Overcoming the gender pay gap: what 2017 will bring.

Having completed their studies of Employment Law at Level 6, Nicholl Innes and Pippy Shepherd have produced a blog post looking at one of the topical employment issues from 2016 with a forecast of what 2017 will bring for employees:

What is equal pay and why does it matter?

Equal pay was first introduced by the then EEC and refers to the pay that men and women in the same employment performing equal work must receive. This pay must be equal and the work must be like work, work rated as equivalent under a job evaluation study, or work found to be of equal value in terms of effort, skill or decision making. The current law exists within the Equality Act 2010 and an employee can rely on this if they wish to bring an equal pay dispute.

Although equal pay has developed significantly over the past few decades, recent figures suggest that women still earn 29.2% less than their male counterparts per hour. This brings into question the effectiveness of the 2010 Act, and demonstrates the continuous need for protection in this area of law.

What has 2016 bought us?

In late 2016, an employment tribunal ruled that female employees at a leading supermarket Asda, who mainly work at check-outs or stacking shelves, can compare themselves to higher paid men who work at warehouses.  From this decision over 9,500 women currently working as Asda won a step forward in their battle for equal pay. This ruling shows that pay gaps between genders are continuing to happen in today’s society, and this case therefore further questions the effectiveness of the 2010 Act.


Figures show that prior to the ruling the difference in pay between the predominately female staff who work in store, and the mainly male staff who work in the distribution centres, was between £1-£3 an hour. Asda therefore, if the claims are successful, could be paying out more than £100m in back dated pay from 2002, and pay rises may be required in the future.

Not only will a successful claim be a detriment to Asda but also it will provide implications on other supermarket who also have employees bringing claims for equal pay.

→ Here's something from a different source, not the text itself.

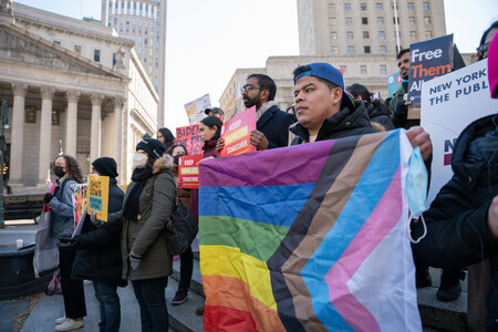 Communities Not Cages action in New York City in March 2022. Cindy Trinh / AFSC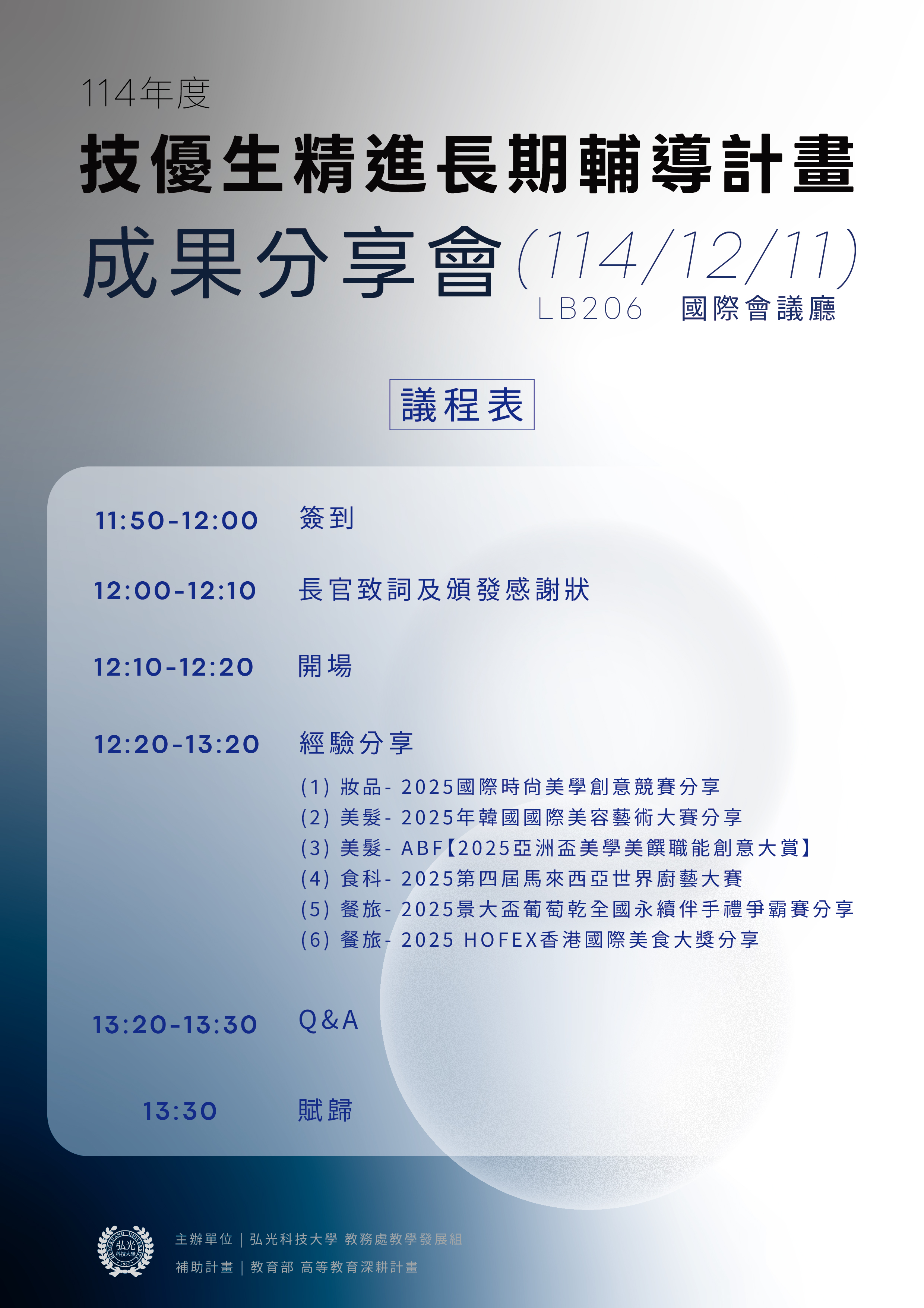 | 12:20 | 13:20 | 經驗分享 1. 妝品- 2025國際時尚美學創意競賽分享 2. 美髮- 2025年韓國國際美容藝術大賽分享 3. 美髮- ABF【2025亞洲盃美學美饌職能創意大賞】 4. 食科- 2025第四屆馬來西亞世界廚藝大賽 5. 餐旅- 2025景大盃葡萄乾全國永續伴手禮爭霸賽分享 6. 餐旅-2025第六屆上海國際廚藝競賽 |

Even more recently, a Network Rail employee successfully bought an action against their employer when they discovered they were being paid 37% less than their male counterpart. The employee was awarded £75,000, and the successful outcome suggest that many more equal pay claims will be brought in the future.

What is to come?

It is therefore clear that despite the 2010 Act, there are still issues with the gender pay gap. The Equality Act (Gender Pay Gap Information) Regulations 2017, coming into effect from April this year, will impose an obligation on employers with 250 or more employees to report the overall pay gap between their male and female staff.  The desired effect of this is to make employers more aware of any discrepancies in their pay patterns.

Over the course of the coming year, it will become apparent whether or not these regulations will have the desired effect or whether more legislation is needed to ensure equality in pay.